Как-то один батюшка почти убедил меня, что семейная жизнь – это тоже хорошо. Он, кстати, сам был иеромонахом – духовным чадом старца Кирилла (Павлова). Обычно не рассказываю эту историю, но уж ладно. Ну как убедил? – я и сам был не против. «Ну да, – говорю, – наверное, может быть». «Есть у меня девушка одна в приходе, – говорит, – которая может стать хорошей женой». Показал мне на неё: «Вон она стоит». Я растерялся. Словно что-то подсказывало: не надо тебе этого. Но раз священник говорит, значит, всё-таки надо. Тем более что и сам я девушками интересовался, как все нормальные молодые люди, и человек я семейного склада. Велел мне этот батюшка на воскресную службу прийти, после которой обещал нас с этой девушкой познакомить. Прихожу в этот старинный храм. Священник выходит из алтаря, движется ко мне, а я молюсь: «Господи, да будет Твоя святая воля. Господи, да будет…» Батюшка проходит мимо, едва не касаясь, но словно не замечая. Ещё раз проходит и ещё. Мне было очень неудобно о себе напоминать – видно, передумал или девушка не захотела со мной встречаться. Когда в следующий раз оказываюсь в храме на исповеди, батюшка спрашивает: «Слушай, ну как так можно? Я же обещал тебя познакомить, девушка ждала, расплакалась из-за того, что ты не пришёл. Что же ты?!» «Как не пришёл? – недоумеваю. – Стоял ждал, вы мимо меня несколько раз прошли и ничего не сказали». – «Да? Не увидел тебя». Не было воли Божией, и всё тут.

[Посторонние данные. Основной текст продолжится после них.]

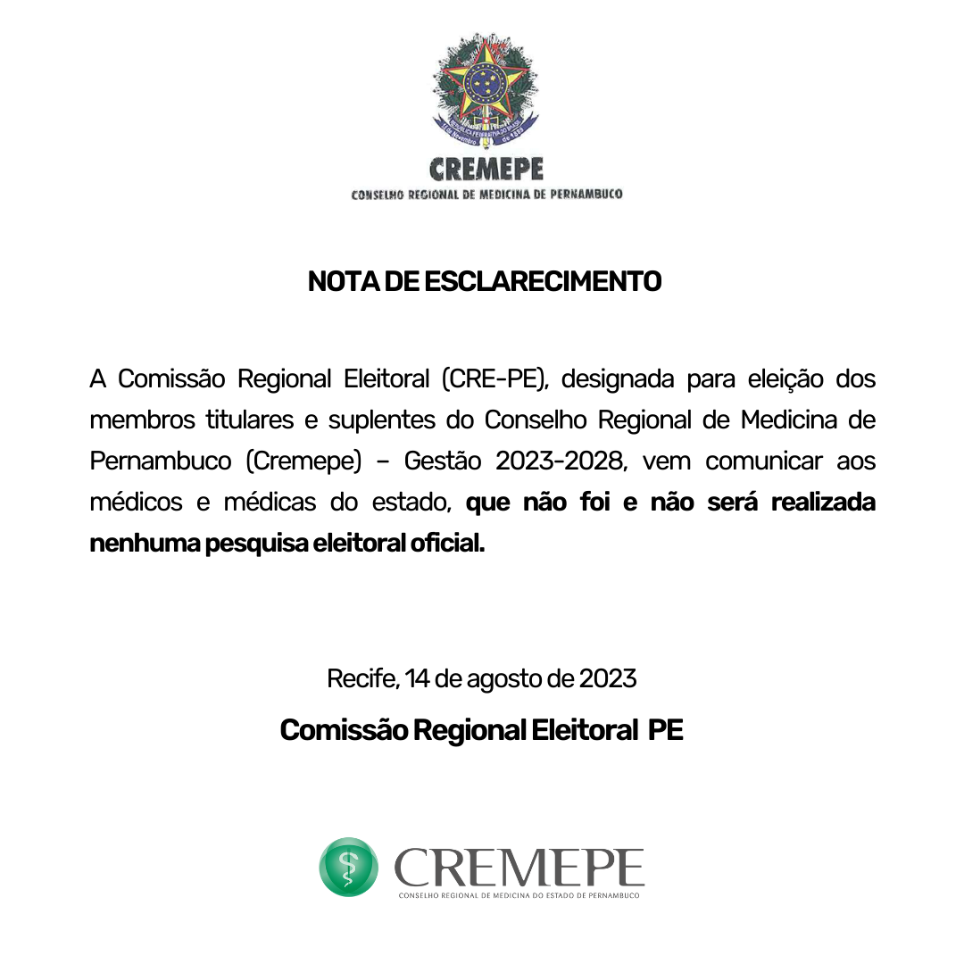 Por solicitação da Comissão Regional Eleitoral, o Conselho Regional de Medicina de Pernambuco (Cremepe) informa que nos próximos…
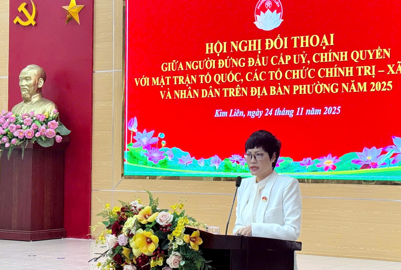 Phát biểu kết luận, Bí thư Đảng ủy, Chủ tịch HĐND phường Kim Liên Hoàng Thị Phương Ngọc khẳng định, những ý kiến tại hội nghị rất cụ thể, thiết thực và phản ánh đúng những vấn đề đang đặt ra trong đời sống dân sinh trên địa bàn. Đây là những ý kiến quý báu để Đảng ủy, chính quyền tiếp tục hoàn thiện phương thức lãnh đạo, nâng cao hiệu lực quản lý và phục vụ nhân dân ngày một tốt hơn.

Поехал к отцу Науму, и благословил он меня уволиться с работы и поехать во Флорищи, это под Владимиром, в Свято-Введенский храм, где я прошёл своего рода школу молодого бойца, будущего инока. Был я там не один, вместе с другими мирянами, которым преподавали основы православия, катехизис, литургику. Одним из послушаний было – топить печку. Служба начиналась в три часа ночи, к этому времени должно было быть тепло. И однажды, пока я этим занимался, вдруг сошла на меня такая благодать! Чем я это заслужил? – понять не могу. Не молился, поклоны не клал – печку топил. И лишь позже узнал, что в этот день венчались мои родители – 23 февраля. Почему запомнил? – это была ещё и дата их свадьбы. Вот как важно это Таинство.

Пробыл я во Флорищах месяца три, наверное, после чего батюшка Наум благословил отправиться на Архангельскую землю. Не меня одного, поехали вдвоём с будущим отцом Варнавой (Лосевым), он сейчас благочинный академического храма в Троице-Сергиевой лавре. Сначала отправились в село Павловск на Виляди, восстанавливали храм вместе с отцом Христофором (Цупкиным), готовили к первой литургии – тогда там даже пола не было.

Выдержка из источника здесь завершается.